Nanoscale
Electronic Devices and
Materials
Exploring Future
Electron Devices for VLSI
Applications
Welcome to visit my group home page! It is a
rewarding career
in my research group. My research focuses on studies of gate insulators
for advanced MOS transistors, fabrication and characterization of
nano-devices and sensors using novel
nano-materials. The graduates in my research
area are highly demanded in industry. I always need
outstanding people! Please feel free to send me
your
resume.
Dr. Chen's Research
Accomplishment
Hydgogen/Deuterium
(H/D)
Isotope Effect.
This effect was discovered
in 1996 by Drs. Lyding and Hess at
University of
Illinois at Urbana-Champaign (UIUC). As a graduate student at UIUC, Dr.

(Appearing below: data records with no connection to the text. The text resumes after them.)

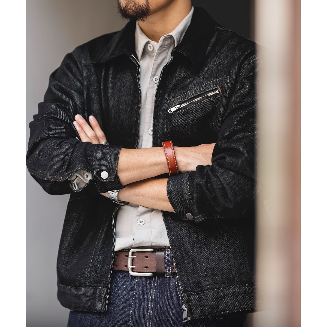 シンプルなシャツやお手持ちのボトムスに合わせるだけで、毎日のコーディネートがすっきりとまとまります。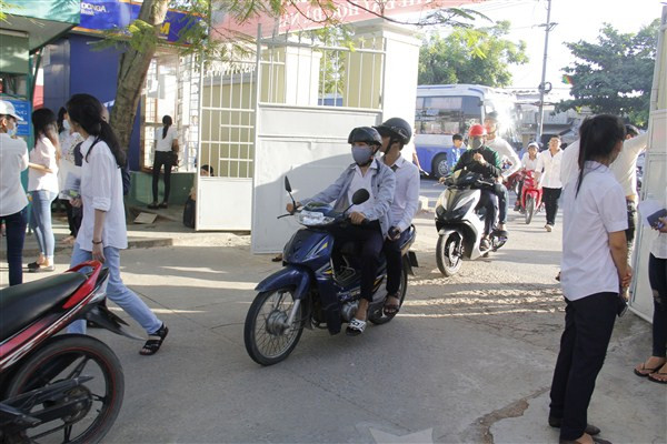 Hầu hết thí sinh nội thành đều tự chạy xe máy đi thi.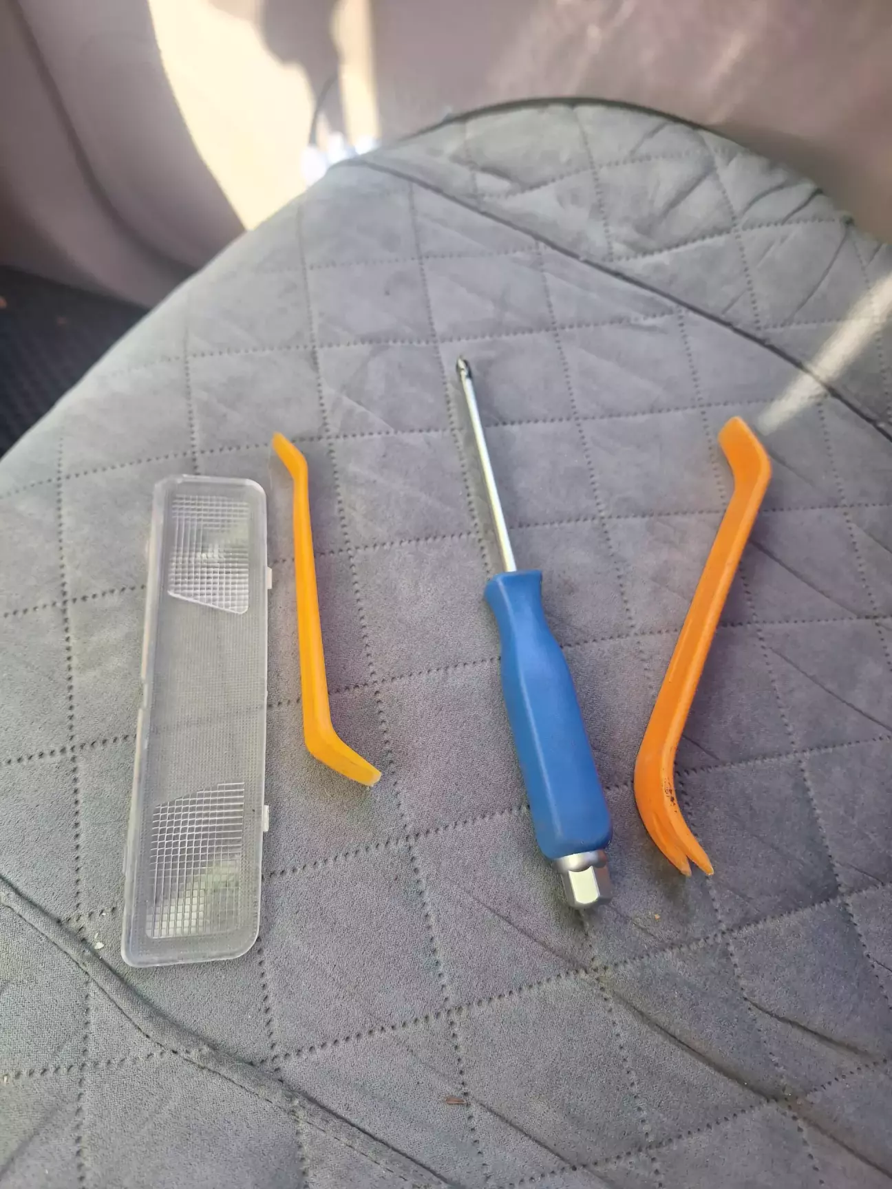 Викруткою краще викручувати гвинтики, а не знімати плафон)))

Chen helped develop this effect into
a
manufacturing process, so that integrated
circuits (microchips) lifetime is dramatically improved (IEEE Electron.
Dev.
Lett., vol. 19, pp. 444-446, 1998;IEEE
Electron. Dev. Lett., vol. 21, no. 5, 221-223, 2000). In addition, the
classical theory suggested that the hot-electron
degradation of MOS transistors was caused by hot electron injection
into the
gate insulator (SiO2). Based on his experiments
using H/D isotope effect, Dr. Chen
proved that it is not the hot-electron injection into the oxide but the
hot-electron
bombarding the SiO2/Si interface that causes the
degradation, (“On the mechanism for interface
trap generation in MOS transistors due to channel hot carrier stressing”,
IEEE
Electron. Dev. Lett., vol. 21, no. 1, 24-26, 2000). This laid a
foundation for
establishing a more accurate theoretical lifetime model for microchips,
which
is very important for the reliability of computers, cell phones, and
iPods/iPads etc.
TiO2 Nanotubes and Carbon Nanotubes.
Dr.
Chen
had extensive experience in anodization of
aluminum when he
worked on humidity sensors from 1988 to 1992. In 2001, based on his
experience in anodization, working with Dr.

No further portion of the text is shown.